Thanks all.
I really don't know what it is for me. It is more than just a little exercise slump. I have worked out some...mostly walking or jogging outside, but not much weights. Either it is all too tiring for me right now or I don't even want to think about it, its too much. That is the best way for me to describe it. I really want to take these aerobics classes at the community college I was going to, but I feel trapped cuz now my class is online and I don't physically go there any more. It is too far away to really go after work. I looked into some group fitness at my gym but it is so horrible it is not even funny. 2 people in a class, crappy music. Plus, I feel like I don't have the energy to see other people and have to chit-chat. Uggghh. I work full time so it would be late before I got home and I have my Anatomy class too.

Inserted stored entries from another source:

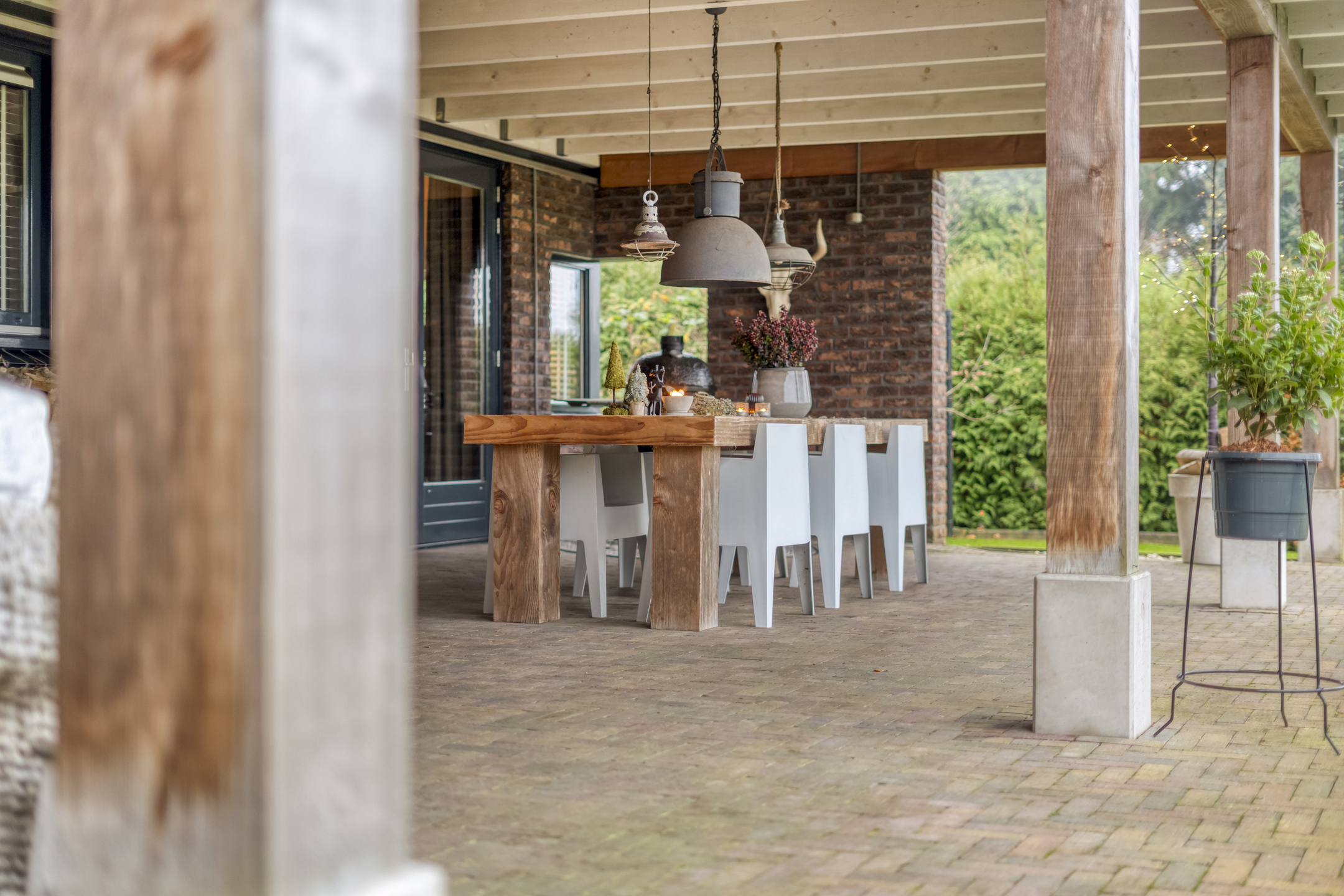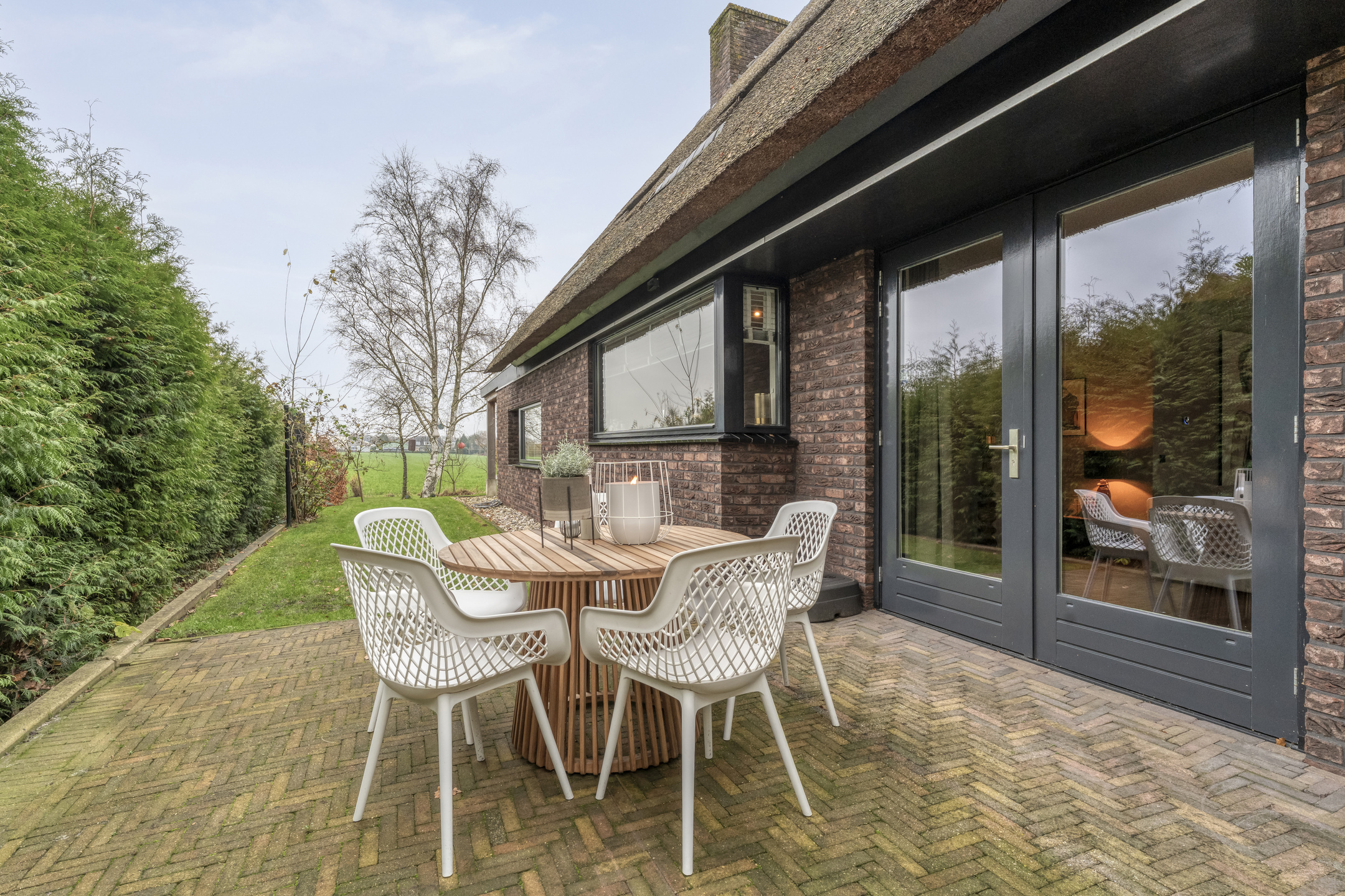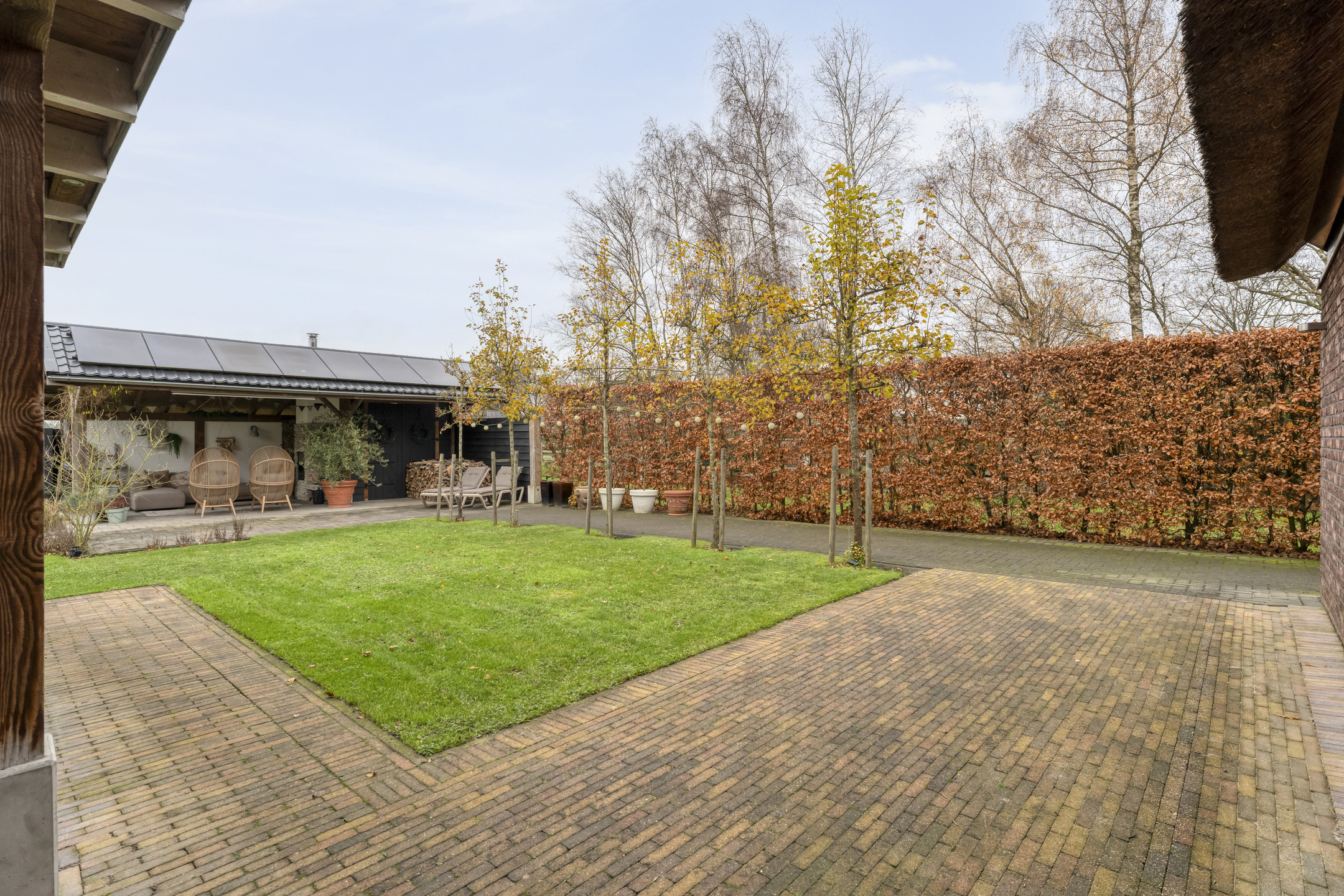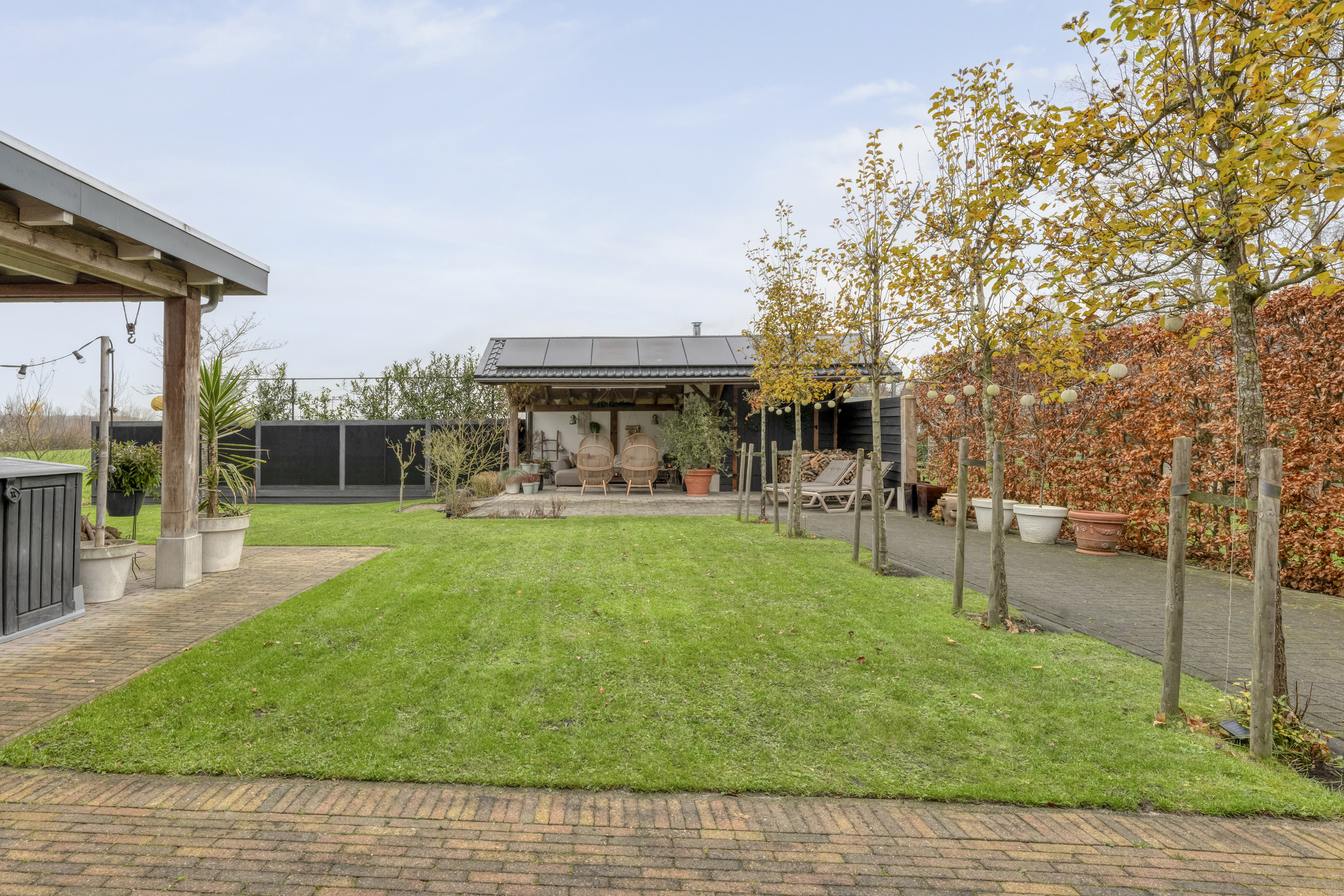 De tuin is werkelijk een buitenkans: volop privacy, prachtig aangelegd én met vrij uitzicht over de weilanden. Direct aan de woning bevindt zich een imposante overkapping van maar liefst 15 meter breed. Achter in de tuin staat nóg een sfeervolle overkapping met haard en extra schuur. Een heerlijke plek voor lange zomeravonden of gezellige wintermomenten.
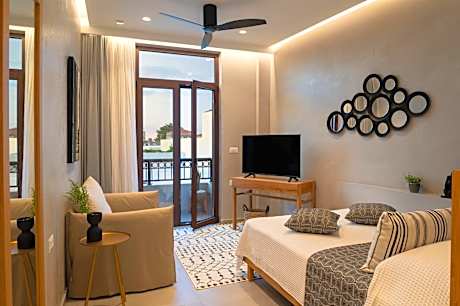 Petalo Suites offers beauty services and air-conditioned accommodations with free Wifi in the center of Rethymno, a 15-minute walk from Rethymno Beach. There's a private entrance at the condo hotel for the convenience of those who stay. The rooms include a balcony with city views. Featuring a well-equipped kitchen with an oven and a fridge, each unit also comes with a safety deposit box, a satellite flat-screen TV, ironing facilities, wardrobe, and a seating area with a sofa. There's a private bathroom with shower in every unit, along with bathrobes, slippers, and a hair dryer. At the condo hotel, the units include bed linen and towels. Breakfast is available, and includes à la carte, continental and full English/Irish options. Popular points of interest near the condo hotel include Archaeological Museum of Rethymno, Municipal Garden, and Historical and Folklore Museum. Chania International Airport is 43 miles from the property. License Number(s): 1180202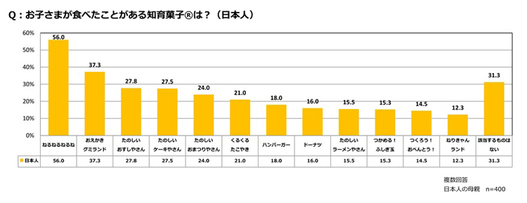 日本の母親を対象に、子どもが食べたことがある知育菓子(R)を尋ねた。最も食べたことのある子どもの割合が多かった知育菓子(R)は、「ねるねるねるね」(56.0%)だった。以下、「おえかきグミランド」(37.3%)、「たのしいおすしやさん」(27.8%)、「たのしいケーキやさん」(27.5%)、「たのしいおまつりやさん」(24.0%)と続いた。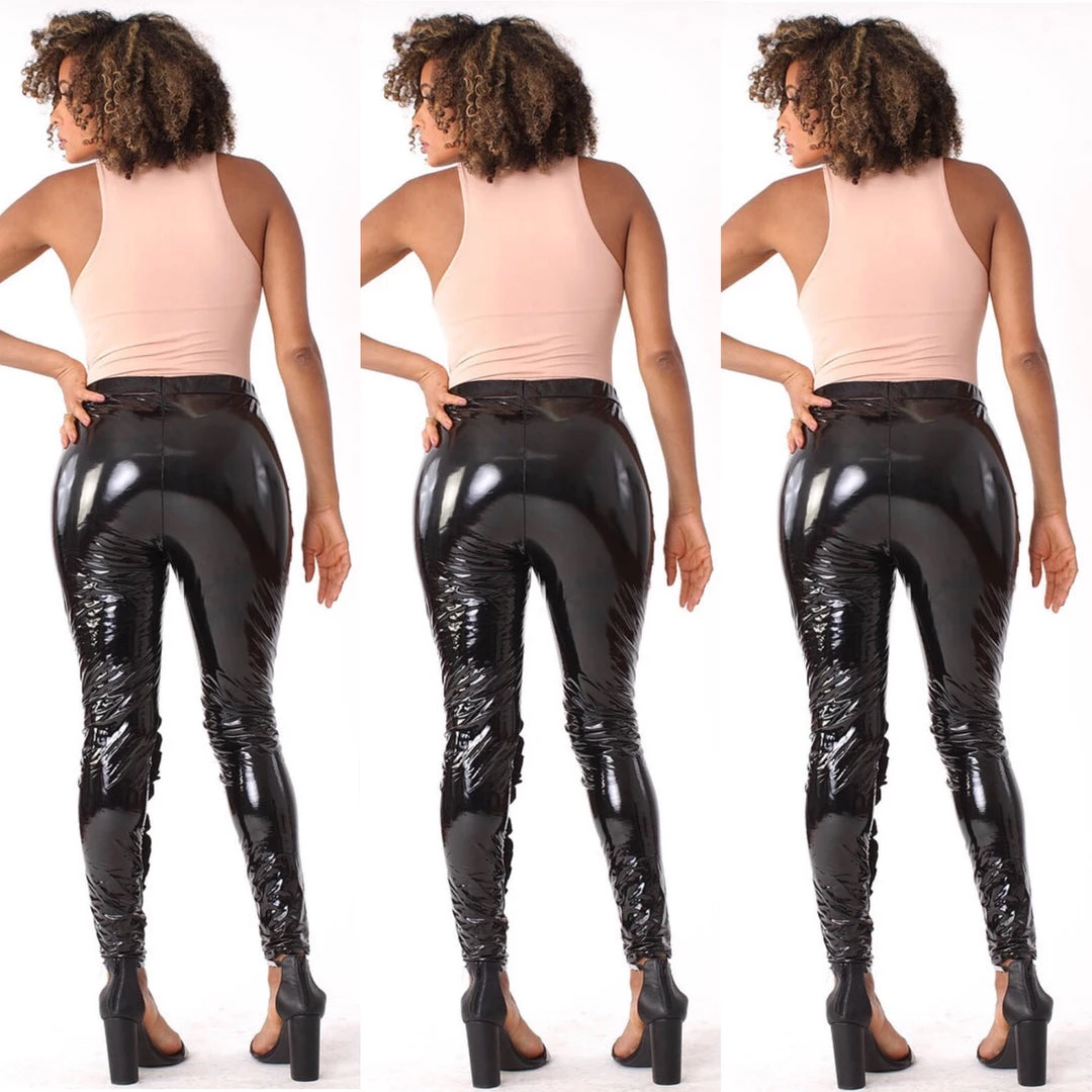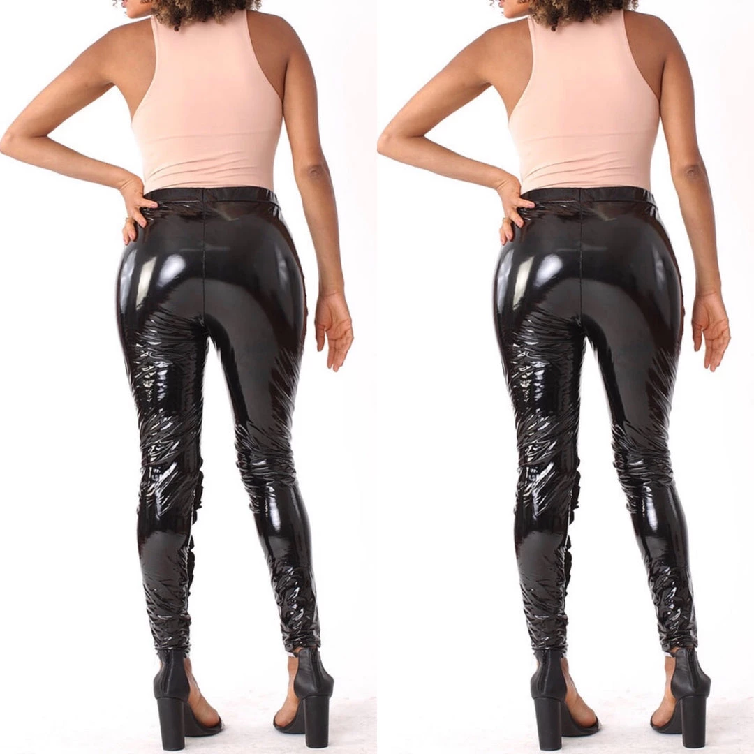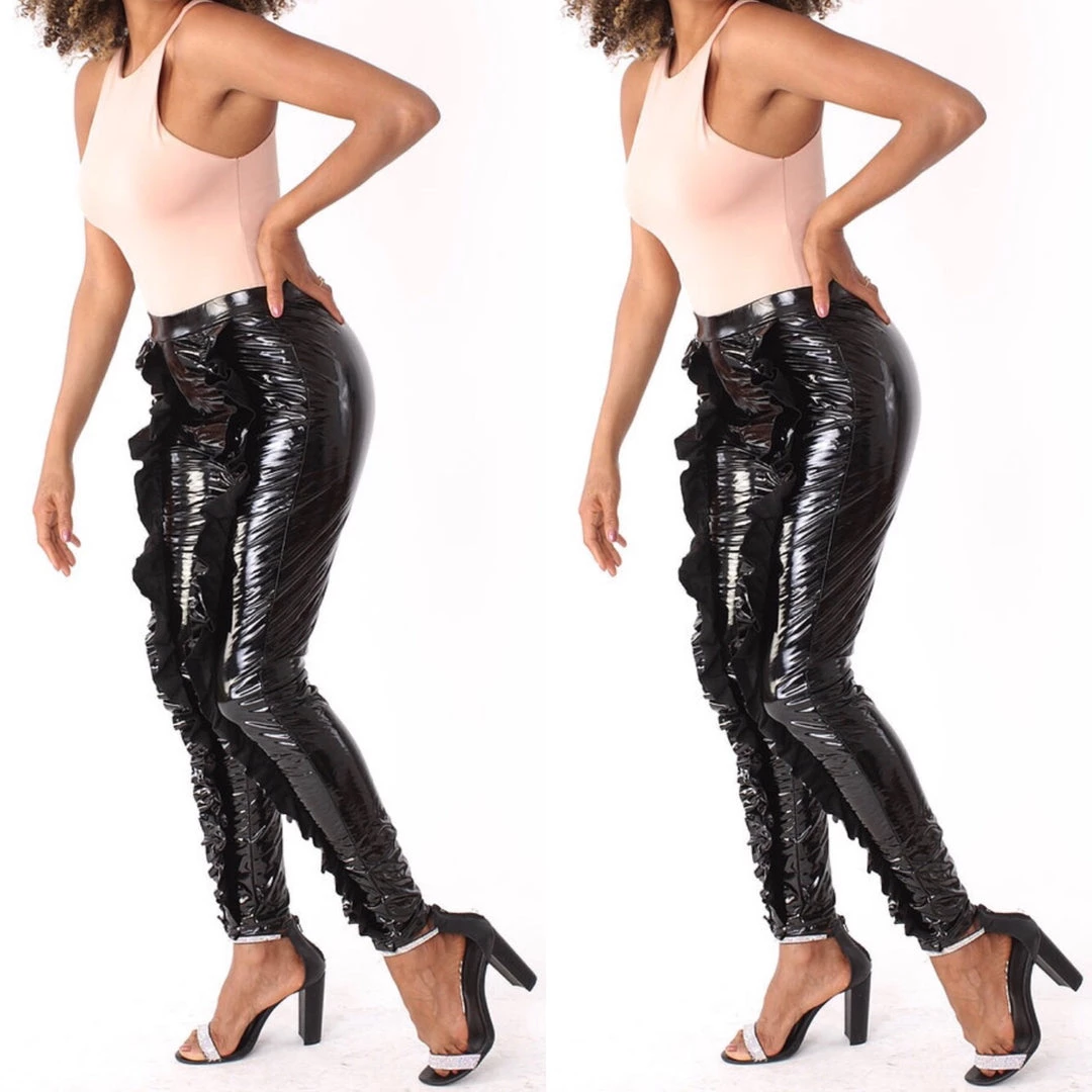 Liquid Faux leather legging pants with front ruffle detailing. Perfect pant legging for a night out with the ladies or your favorite concert. Fabric is super soft and stretchy fabric blend that you will love. True fit with plenty of stretch in the fabric and the waistband s elastic stretches and fit that covers your stomach and backside. Beautiful pant that is truly unique and fashion forward. The fit is true to sizing and the fabric does have spandex for stretch. I preferred the XL size 14-16 and my hips are 46 inches and my waist is 34 inches and XL size 14-16 was perfect fit and length. I am 5 feet 6 inches tall. The inseam measures 29 inches and pants are 40 inches long. Ships from Houston, Texas by Social Butterfly Collection.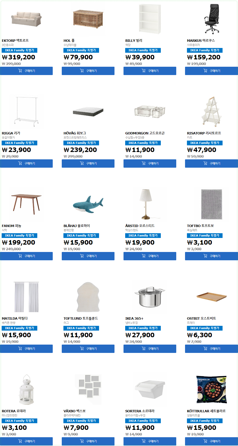 IKEA Family 멤버 적용, 멤버당 2개까지 구매 가능 / 아래 할인 품목을 참고하세요.(출처:이케아)

I don't want to do videos anymore. I want to sell them all on Ebay and for some weird reason, I feel that would make me feel better. Like, start anew. Get rid of the old, start over. I feel that way with pretty much everything in my life right now. I want to be a new person. I want to meet new people that like me simply because they just met me. Do you think this all symbolizes something? Like I should just take that risk, quit my job, find a job working closer to home and maybe same days as huby...so I don't just have to pass him in the hallway? Maybe I would start liking school instead of feeling like it was one more thing to worry about. Right now I just want to drop out and forget it ever was an option. Obviously that would not help things. Sometimes I think of the possibilities of dropping to part time, or even full time at lesser money and get excited, but then I think of the pay cut. It would be less $/hr, possibly part time instead of full time (which I would sorta like for a while), but it would be a chance to gain experience in the fields I wish to go into. Reality is, I don't NEED to make what I make right now. It is nice cuz I am saving some $$$ for nursing school, but would it be mentally better for me to quit now? Do you think without some sort of a break (no vacation, I used to all for school) something is going to give? I am sooooo concerned with finances and sometimes I think I am not enough concerned about my mental state. I know my family thinks I should just suck it up and stay at my current job until I get accepted to nursing school. In March, I get three weeks vacation. Is staying worth it, I don't feel like I'll last till then?
I just don't know. Gee...I guess I have bigger issues than just working out. I am really sorry to turn this, once again, into a shrink session. Hey, if I had decent insurance, I would go to one!!LOL!!! If anyone unbiased and, more importantly, UNRELATED TO ME can help that would be great! You guys are awesome, I don't know where else to go. Thanks!